Although the material holds pictures, none belong in the copy; transcribe exactly, and only, the lines from the one with "今日はお豆の会の方に来ていた" through the end.

- _The data_:

==*==

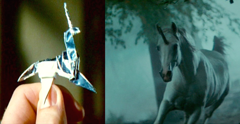 BladeRunnerK9WEBSen sijaan Deckardiin on istutettu väärä muisto, yksisarvinen. (K9) Monesti tässä yhteydessä puhutaan virheellisesti univisiosta, mutta Rick muistelee eläintä silmät auki. Kohtaus myös tapahtuu sen jälkeen, kun etsivämme on käynyt Tyrell-korporaation tiloissa testaamassa Rachelia. Todennäköisesti mies poimittiin salaa mukaan kokeeseen juuri tällä käynnillä.
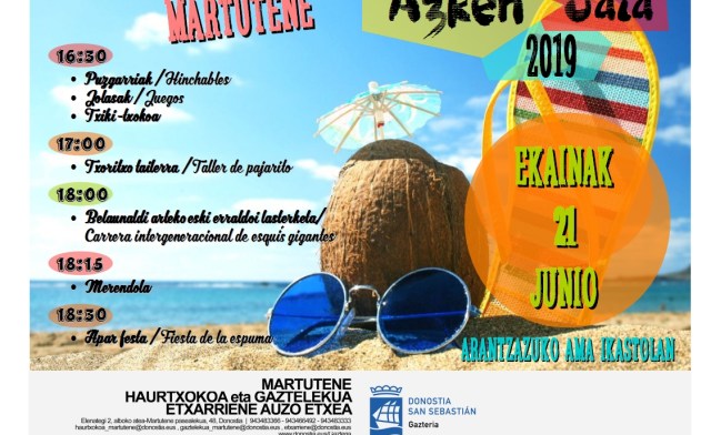 Archivado en Aisialdia/Ocio, Auzobizitza/Vida de barrio, Bizilagunak/Ciudadanos, Ekintzak/Actividades, Eragile sozialak/Agentes Sociales, Etxarriene, Gazteleku, Haurtxoko, Iragarkiak/Anuncios, Partaidetza/Participación, Udaletxea/Ayuntamiento, Zerbitzuak/Servicios · Tagged with aparra, auzoa, barrio, ekaina, espuma, etxarriene, fiesta, gazteak, gaztelekua, haurtxokoa, hinchables, ikastola, jaia, junio, martutene, puzgarriak, tailerrak, talleres, umeak
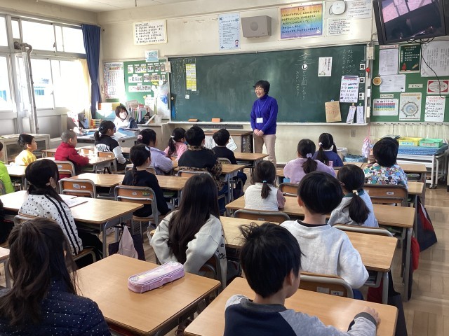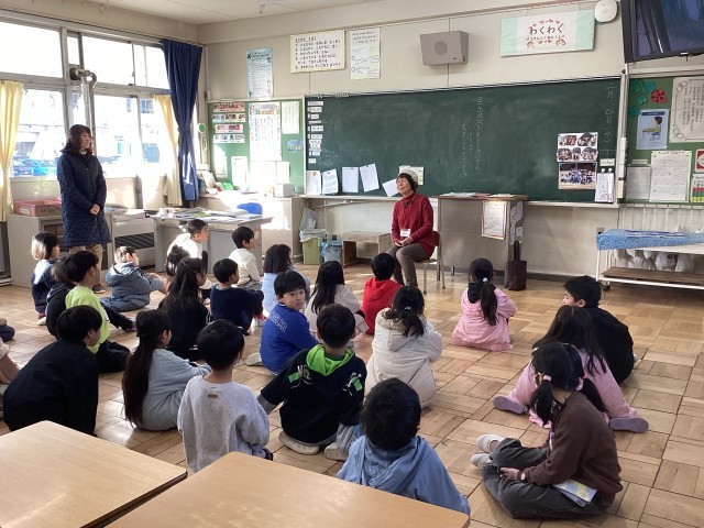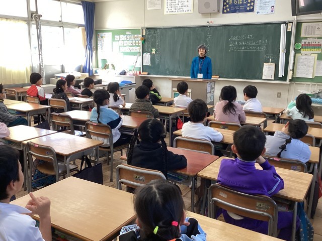 今日はお豆の会の方に来ていただきました。お話を聞いて、想像がどんどん膨らんでいく1年生でした。
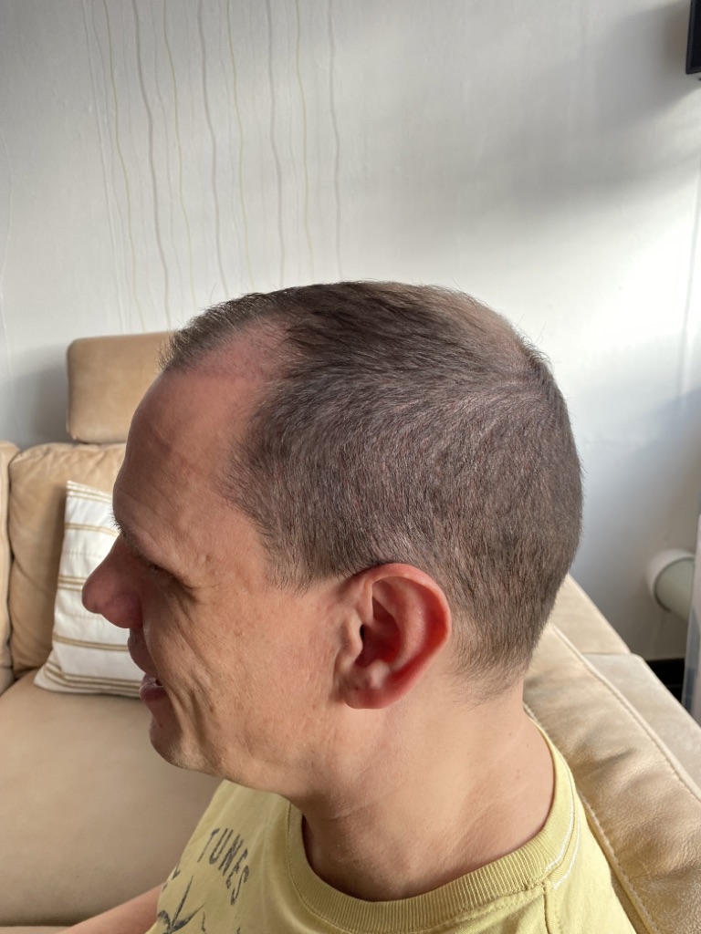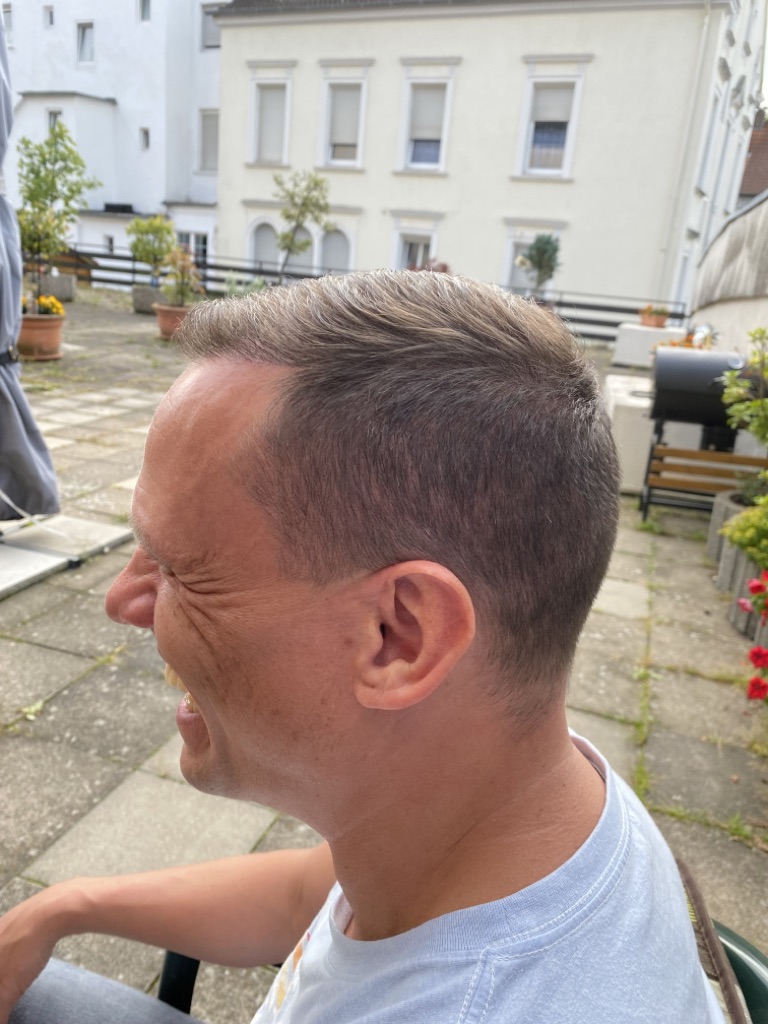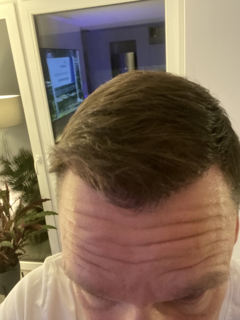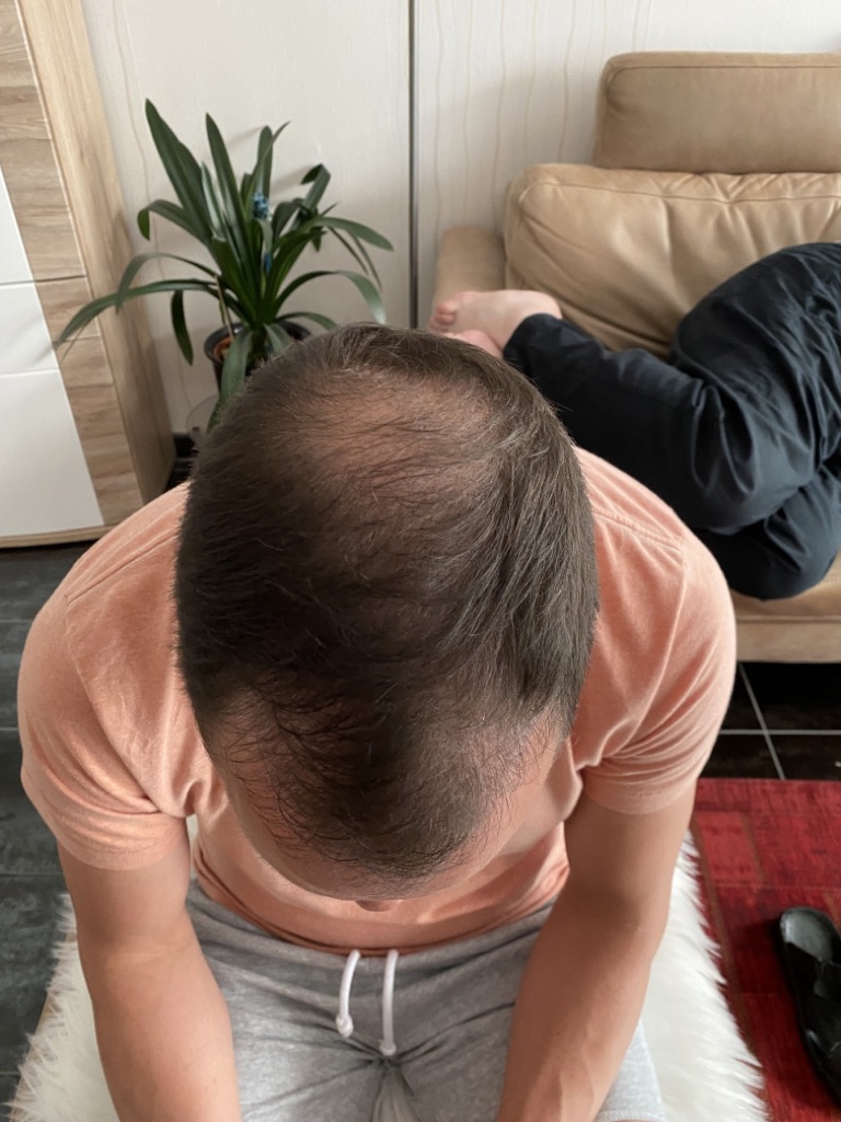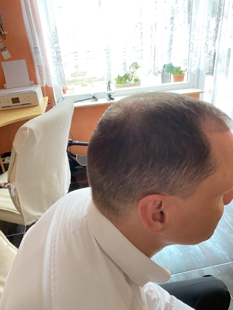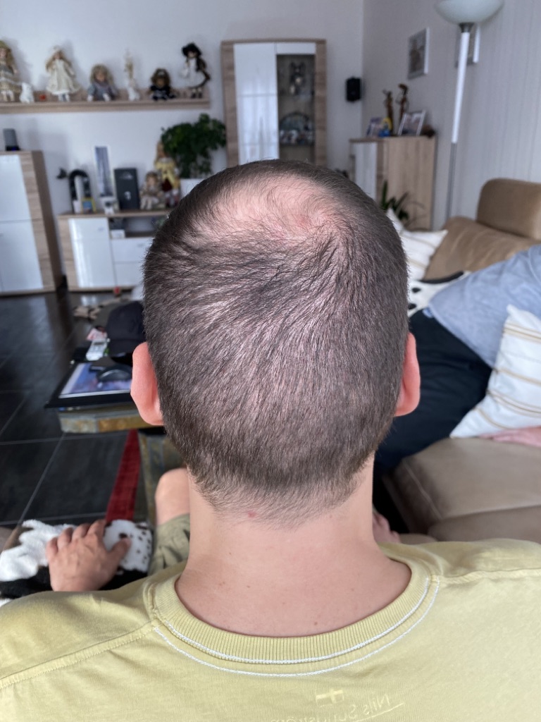 Jetzt sind 2 Monate vergangen und es fängt an zu wachsen auch wenn ich vorne noch Löcher habe. Ich habe gelesen, das es aber nach 3 Monaten erst richtig wachsen wird. Vorne sieht es schon besser aus als auf dem Haarkranz

==*==

- _Response below_:
 今日はお豆の会の方に来ていただきました。お話を聞いて、想像がどんどん膨らんでいく1年生でした。
 Jetzt sind 2 Monate vergangen und es fängt an zu wachsen auch wenn ich vorne noch Löcher habe. Ich habe gelesen, das es aber nach 3 Monaten erst richtig wachsen wird. Vorne sieht es schon besser aus als auf dem Haarkranz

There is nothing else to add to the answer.